When the charger is disconnected, the average cell voltage will be below 2.07 for the entire duration of the discharge. This is consistent with the information provided by the battery manufacturer on the discharge curve for any battery. As a discharge starts, the internal resistance of the battery creates a voltage drop due to the discharge current.

(Voltage Drop = Discharge Rate X Battery Internal Resistance). Since the nominal open circuit voltage of a fully charged, 1.215 specific gravity cell is approximately 2.06 VDC; the cell voltage during the discharge will be less than this value.

Pilot cell voltage alone cannot predict the ability of the battery to perform its design function. The entire surveillance and maintenance program consists of periodic tests and inspections necessary to provide assurance the battery is capable of performing its design function.

Therefore, it can be concluded that 2.07 volts is consistent with a battery which will remain capable of performing its minimum designed function.

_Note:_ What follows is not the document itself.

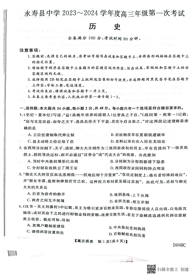 陕西省咸阳市永寿县中学2023-2024学年度高三第一次考试历史

Enclosure to PLA-6080 Page 3 of 5 NRC OUESTION 3:

As mentioned in Question No. 2, the battery pilot cell is representative of the average battery cell in the battery. Provide assurance that a battery with a battery pilot cell electrolyte temperature slightly greater than or equal to the minimum established design limit will remain capable of performing its minimum designed function.

PPL RESPONSE:

Per the response to Question 2 above, the pilot cell is representative of all cells in the battery and it is presently determined by selecting a cell, while connected to the battery charger, with a float voltage greater than 2.2 volts, and with a specific gravity reading equal to the average of all the cells. The design temperature for the SSES battery cells is 60 degrees F. This parameter is monitored by the licensee controlled battery monitoring and maintenance program (draft TRM Section 3.8.7, Attachment 1). The impact of a single cell temperature being slightly above or below the average does not in itself affect the battery's ability to perform its design function. In addition, each battery is sized with correction factors that include temperature and aging. The battery sizing correction factors for a 60 degree temperature are 1.11 and 1.25 for aging (20 year life). The overall battery sizing correction factor is 1.3875, which is the product of these two factors. This value is utilized in the SSES battery sizing calculations.

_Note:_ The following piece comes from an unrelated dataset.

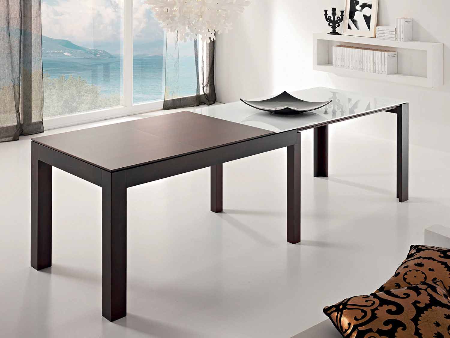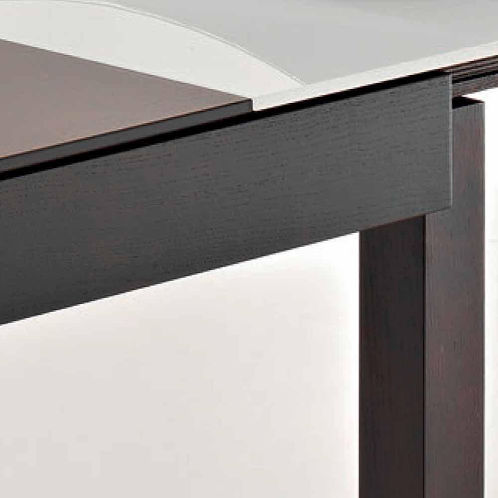 Modern design uitschuifbare eettafel met extra helder melkglazen blad en essenhouten voet, gemaakt in Italië.
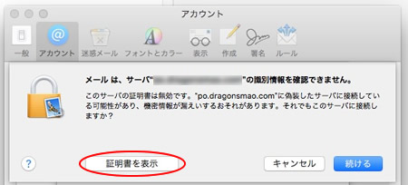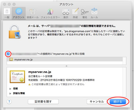 8.「〜接続時に"myserver.ne.jp"を常に信頼」にチェックを入れ「続ける」をクリックします。

The SSES battery room temperatures are essentially the same as the ambient temperature of the adjacent control structure areas because there is no forced cooling to these rooms.

Air is exhausted by design from redundant safety related HVAC systems which serve the rooms (to prevent hydrogen buildup), and makeup air is drawn into the rooms at the ambient temperature from the larger control structure volume. Since batteries have very large thermal inertia and the battery room temperature remains relatively constant at approximately 70 degrees F, it is concluded that the pilot cell temperature is an accurate representation of the temperature of the entire battery bank. The only heat load in a battery room (besides the batteries) is room lighting, which is normally off when the room is unoccupied. Since there is no significant heat load in the room and there is no localized impingement of ventilation air, there will be no localized hot or cold areas in the room and all battery cells are at essentially the same temperature. Further, the room does not have any internal air flow obstructions, which allows the transfer air to distribute evenly in the room. Each room is relatively small, which promotes air mixing within the room.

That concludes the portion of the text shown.